Quizá convenga cerrar esta celebración recordando aquello que no se lee con frecuencia hoy. Algo me dice que a pesar de las incontables veces que lo he escuchado decir es sólo ahora, tarde en mi vida, confieso, que lo puedo enseñar. Me refiero a la importancia de la unidad y al encuentro con el orgullo en la democracia de mi nación, de mi patria. Sé que unos tiempos se han ido y que los que tengo son distintos. Pero ¿no ven ustedes como veo yo el asomo de la amenaza, el acecho del vacío que nos embosca? Para que no suceda lo que temo sería acaso demasiado pedirles —si no yerro en el juicio— que pensáramos en la posibilidad de hacer ahora lo que antes hicimos para vencer el miedo y nuestra discordias en nombre de la libertad. Escuchemos nuevamente al Senador Otero Silva:
«En tanto que los paridos separados por grietas y abismos cavados al fragor de divergencias anteriores, se mantuvieron combatientes desde trincheras individuales, cada uno con su táctica, cada uno con sus propósitos, mirando de reojo al aliado como si fuese un adversario, tan sólo lograron llenar las cárceles con sus dirigentes más capaces, de ofrendar la vida de sus capitanes más decididos».
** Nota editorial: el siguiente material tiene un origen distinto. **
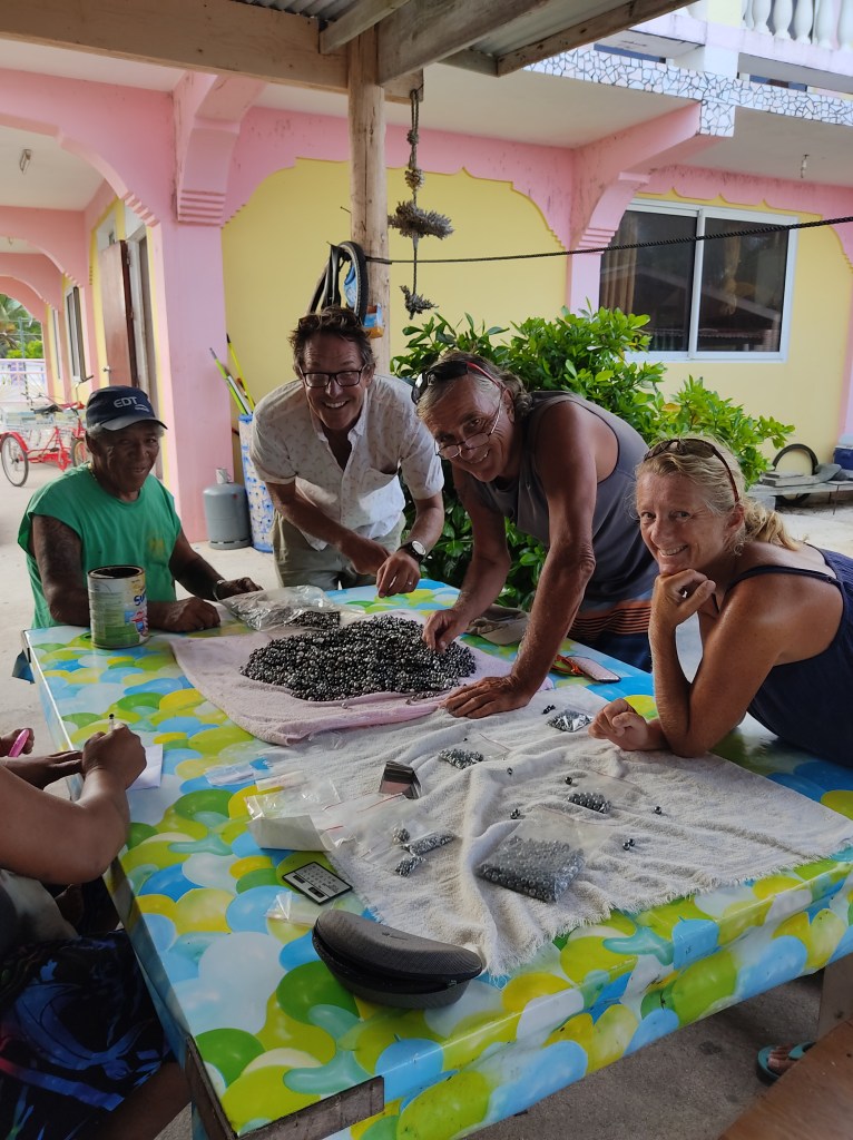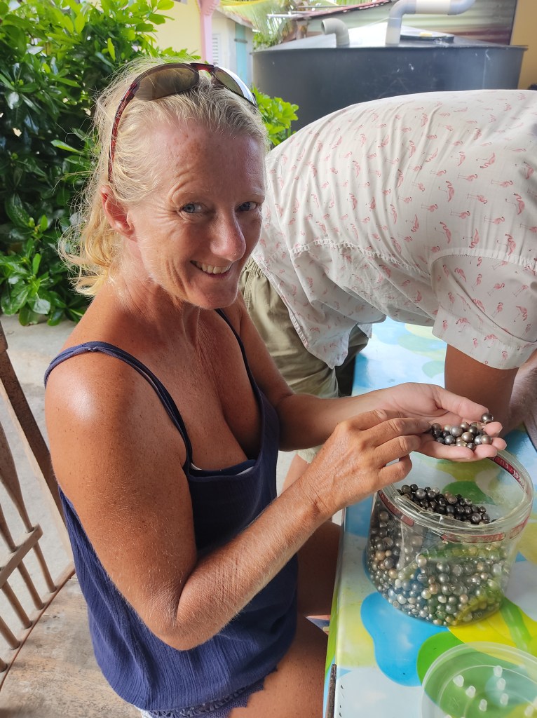 En ettermiddag gikk vi og Jenevora og Fergus fra 2 Drifters «tilfeldigvis» forbi huset til en av perle-farmerene på øya. Han var ute, og da vi spurte om han ville selge oss perler var det ikke nei i hans munn. De har dårlige tider nå, med lite turister og liten etterspørsel etter perlene sine. Så vi ble invitert inn og fikk gå gjennom det han hadde av såkalte fine perler. De sorte Tahiti perlene kategoriseres etter spesielle kriterier og prisen settes etter hvor perfekte de er. Vi valgte ut 8-9 «midt-på-treet» perler hver, og så spurte vi om han hadde perler som ikke egnet seg for salg. Vi vet at det er flere perler som forkastes enn det som godkjennes, og perlene som forkastes skal egentlig ikke selges. Men han kom trekkende med en stor pose med flotte, artige perler og det var dette vi egentlig ville ha. Så vi satt lenge og plukket og kikket, og da vi endelig var ferdige betalte vi ca 1000 kroner hver og var riktig så fornøyde. (vi kjøpte 8 fine og 52 ikke fine perler)
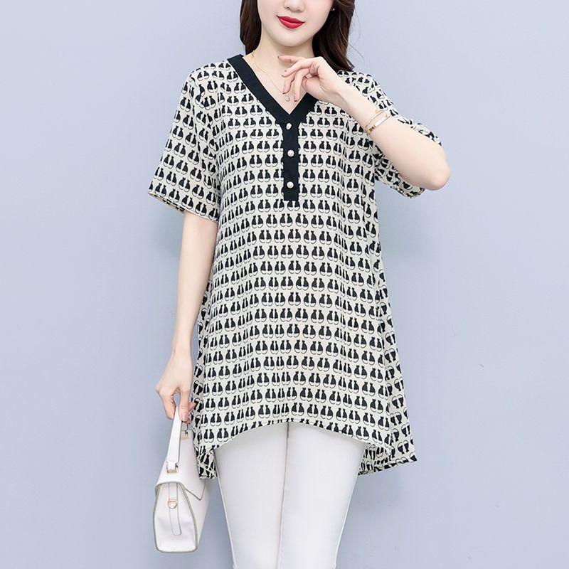 Korean Minimalist New Summer Printing Women's V-neck Button Fashion Versatile Short Sleeve Loose Mid Length Chiffon Shirt Tops
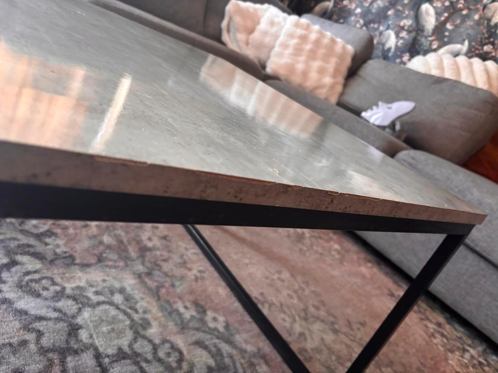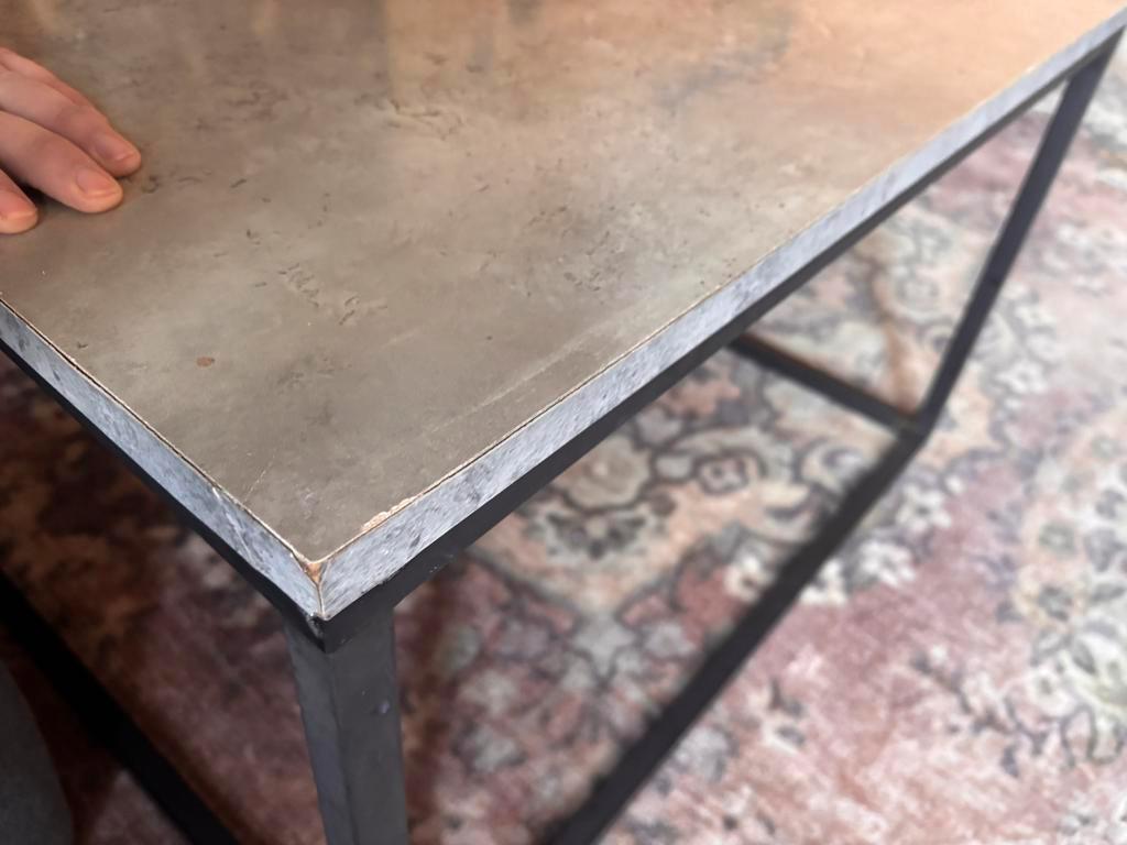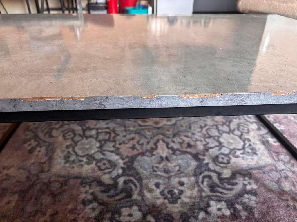 Gratis op te halen salontafel. De tafel is stevig, maar heeft beschadigingen aan de randen. Afmetingen: 115 cm lengte, 75 cm breedte, 45 cm hoogte.

(«Discurso de Orden», op. cit., p. 20).
¿Y si no lo hacemos? Crecerá la incertidumbre. ¿No vemos acaso cómo se han debilitado los partidos?
Vine aquí hablando en tono confesional. Con la misma voz me voy y me digo para que lo escuchen todos, yo quisiera pensar que a todos nos une por lo menos esta elemental idea de Otero Silva:
«Se equivocan los derrotistas y los malintencionados que pronostican el advenimiento de golpes de estado y de nuevas dictaduras en nuestro país. Al presente gobierno constitucional no lo tumbará nadie, ni tampoco tumbará nadie a los subsiguientes».
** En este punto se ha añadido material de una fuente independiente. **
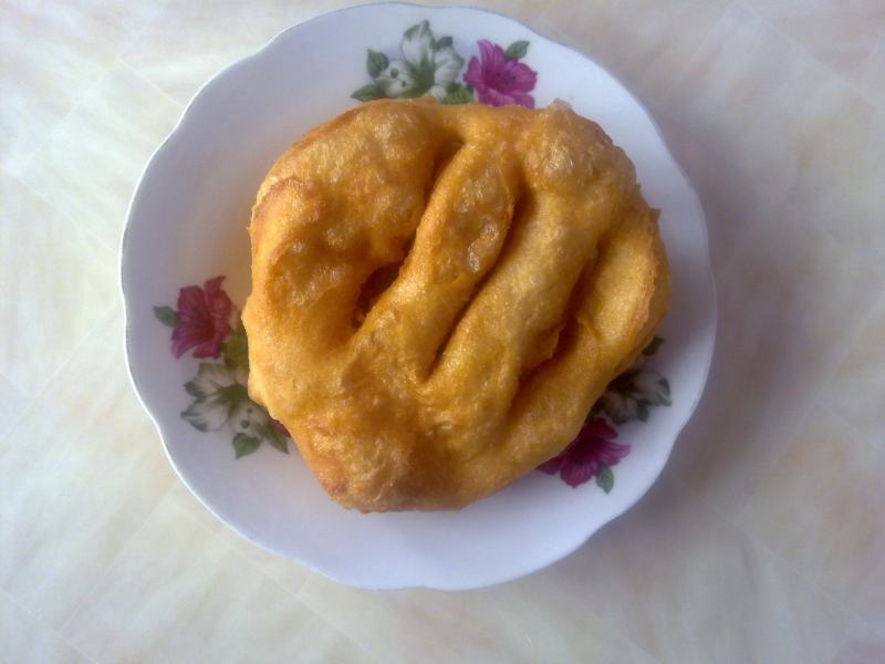 1:提前一晚发面。两碗白面,桔子那么大的面肥(面引子),用温水和成软的面团,放盆里,盖盖儿,一宿就发好了。
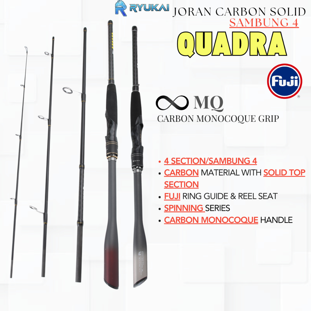 Joran Pancing Carbon Solid Fuji Sambung 4 Portable 8-17 lbs 198 210 cm Ryukai Quadra
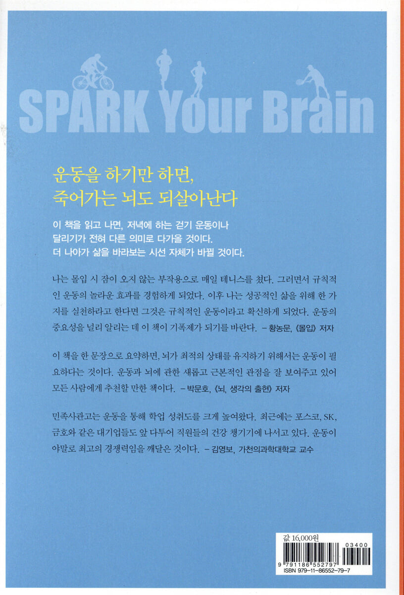 “이 책을 한 문장으로 요약하면, 뇌가 최적의 상태를 유지하기 위해서는 운동이 필요하다는 것이다. 운동과 뇌에 관한 새롭고 근본적인 관점을 잘 보여 주고 있어 모든 사람에게 추천할 만한 책이다.” - 박문호 (《뇌, 생각의 출현》 저자)
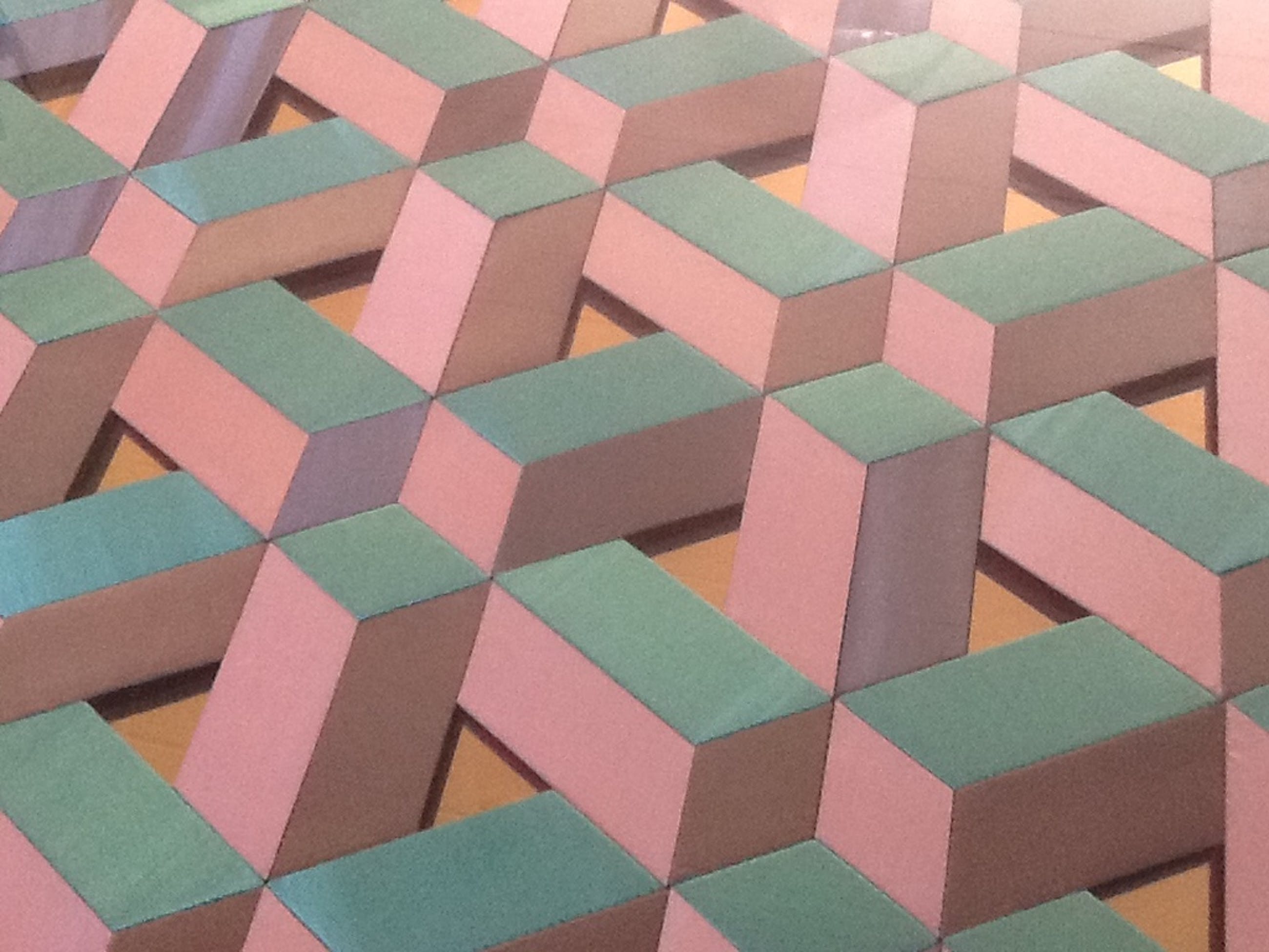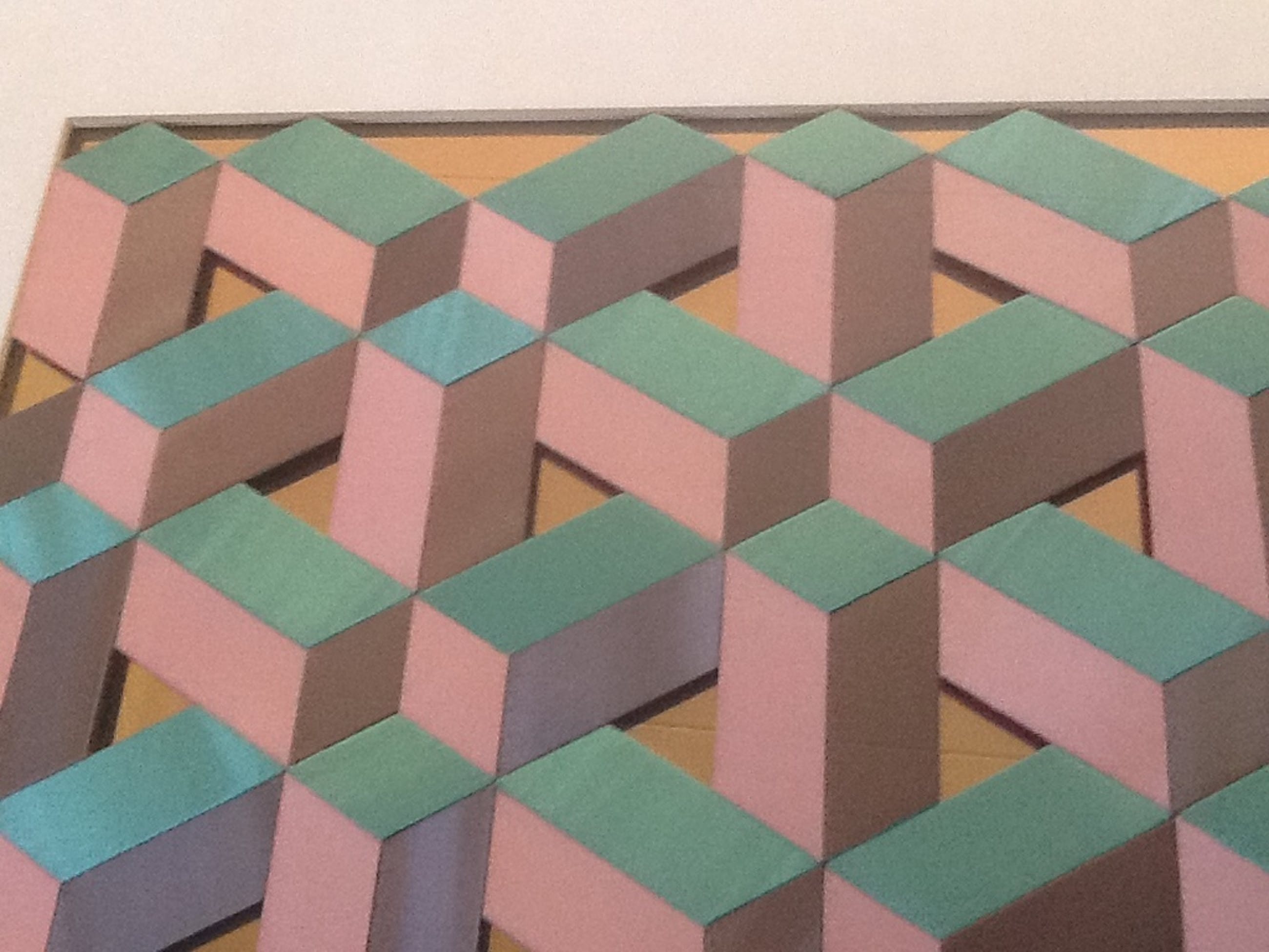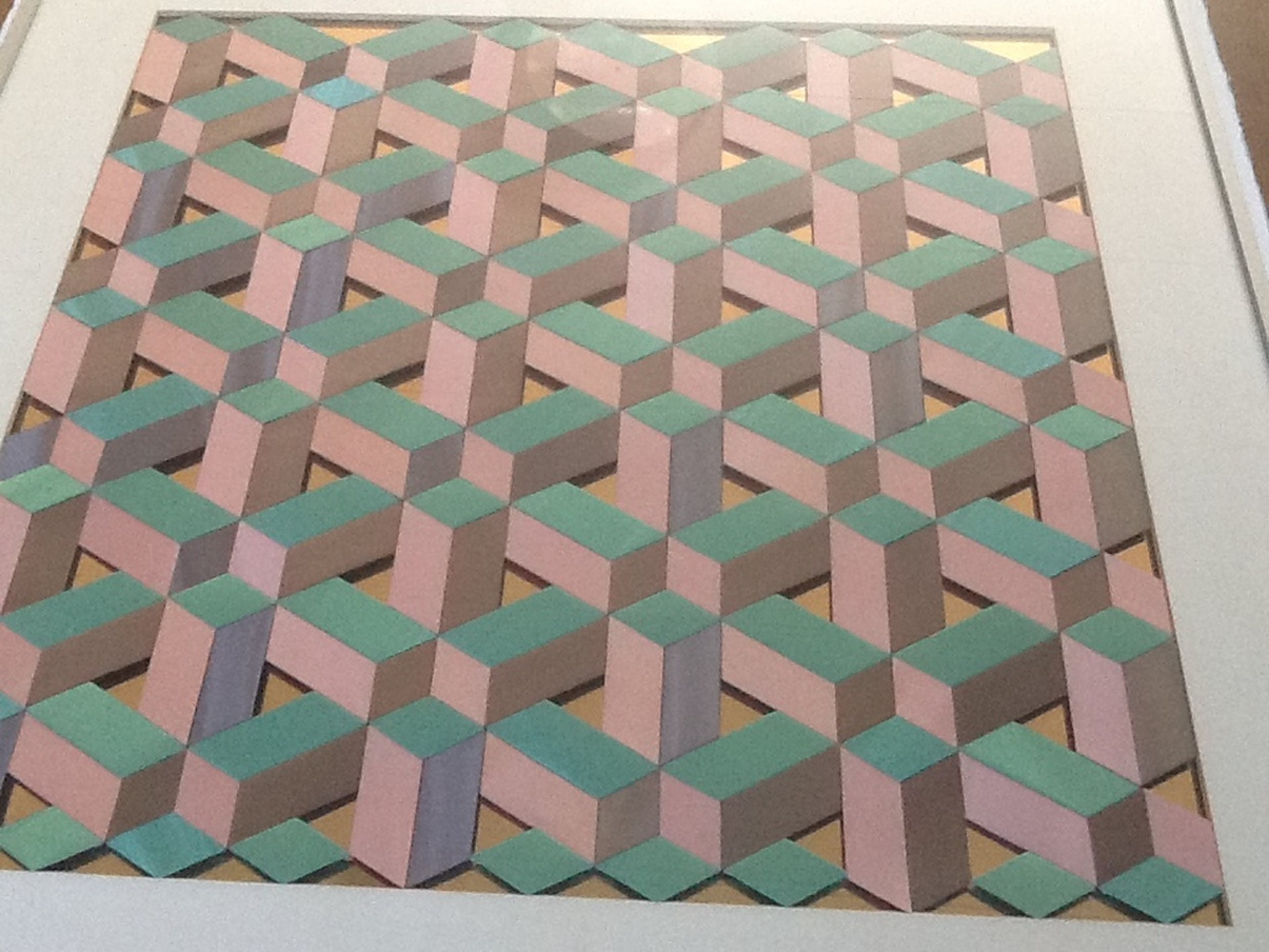 Bijzonder kunstwerk van Betsy Liepertz, patchwork vlakken op een geometrische wijze aan elkaar genaaid. Het 3D effect wordt versterkt door het spiegelende goudkleurige folie op de achtergrond

Esas palabras casi las vi desmentidas. Para que no siga teniendo razón Otero Silva es necesario que la política vuelva a ser cosa seria y digna y que, por consiguiente, la sociedad de esta nación asuma con más responsabilidad sus deberes y aprenda a encarar los beneficios de esta paz que tenemos.
La paz de la democracia es un bien inestimablemente mejor que el de cualquier forma de opresión organizada…
Evitemos que otra vez tengamos que celebrar el olvido.
(*) Discurso de orden pronunciado el 23 de enero de 1998 ante el Congreso de la República de Venezuela.